According to a new study that refers to more than 200 popular website security systems, robots are better than humans at passing robot tests. However, the research has not yet passed peer review and is currently only published on arXiv.
Bots pose a major threat to the Internet because they can masquerade as legitimate users and conduct operations that endanger the harmonious environment of the Internet, such as scraping content, creating accounts, and posting fake comments or comments, as well as consuming scarce resources.
The scientists, including those at the University of California, Irvine, noted that “if left unsupervised, bots can carry out these malicious operations on a massive scale”.
In the two decades since its inception, captchas have been deployed by most websites as a security check to thwart potentially harmful bots with puzzles that should be easy for humans but hard for computers.
Early verification codes required users to recognize and retell text from distorted images, but with the advancement of computer vision and machine learning technology, it took only a short time for the robot to successfully identify with near-perfect accuracy out of the text, and faster and more accurate.
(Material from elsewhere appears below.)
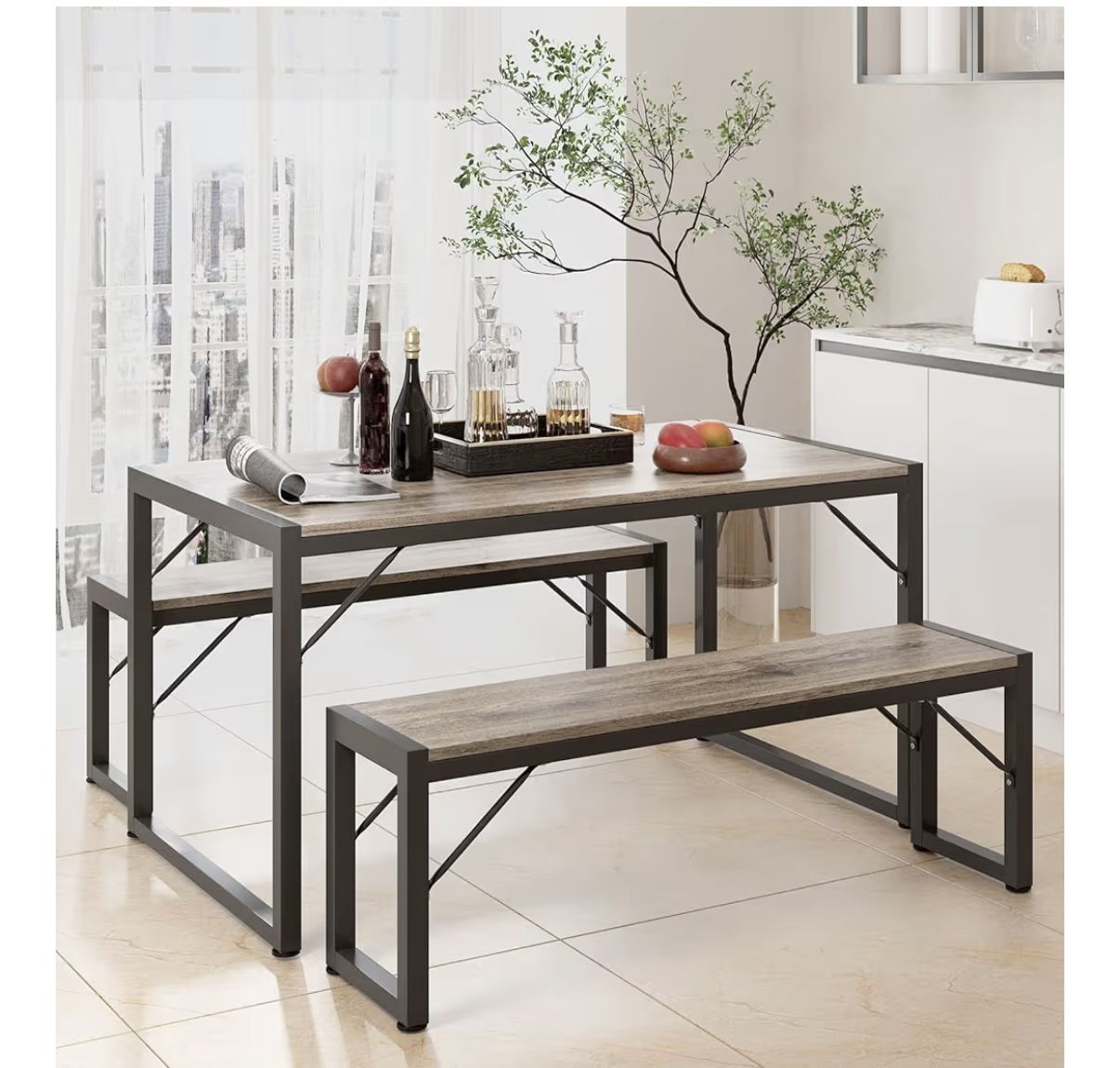 Like New. Pictures of table purchased online. Out of the box and not put together. All pieces included. Very easy to assemble. Dining Table Set for 4 with 2 Benches, Kitchen Table Set with Metal Frame & MDF Board, Space-Saving Dinette for Kitchen, Dining Room -Grey

Subsequently, humans began an arms race with robots in the field of verification codes. Because of this, captchas started to become more and more cumbersome and annoying, even more difficult for humans and robots to solve.
For the study, scientists tested 200 of the most popular websites and found that 120 of them still use traditional captcha mechanisms.
With the help of 1,000 participants from different backgrounds (location, age, gender, and education level), they tested 10 captchas on these sites to assess their degree of difficulty.
Robots described in a number of scientific journals can outperform humans in speed and accuracy, researchers have found.
For example, some captcha tests could take 9 to 15 seconds for a human participant to solve with an accuracy of about 50% to 84%, while a bot can crack it in less than a second with an accuracy of 50% to 84%. Almost perfect.
“The accuracy of the robots ranged from 85-100%, with most exceeding 96%. This greatly exceeds the range of human accuracy we observed (50-85%),” the scientists wrote in the study.
They also found that the time it took the robots to solve the problem was “significantly lower” or nearly the same as humans in all cases.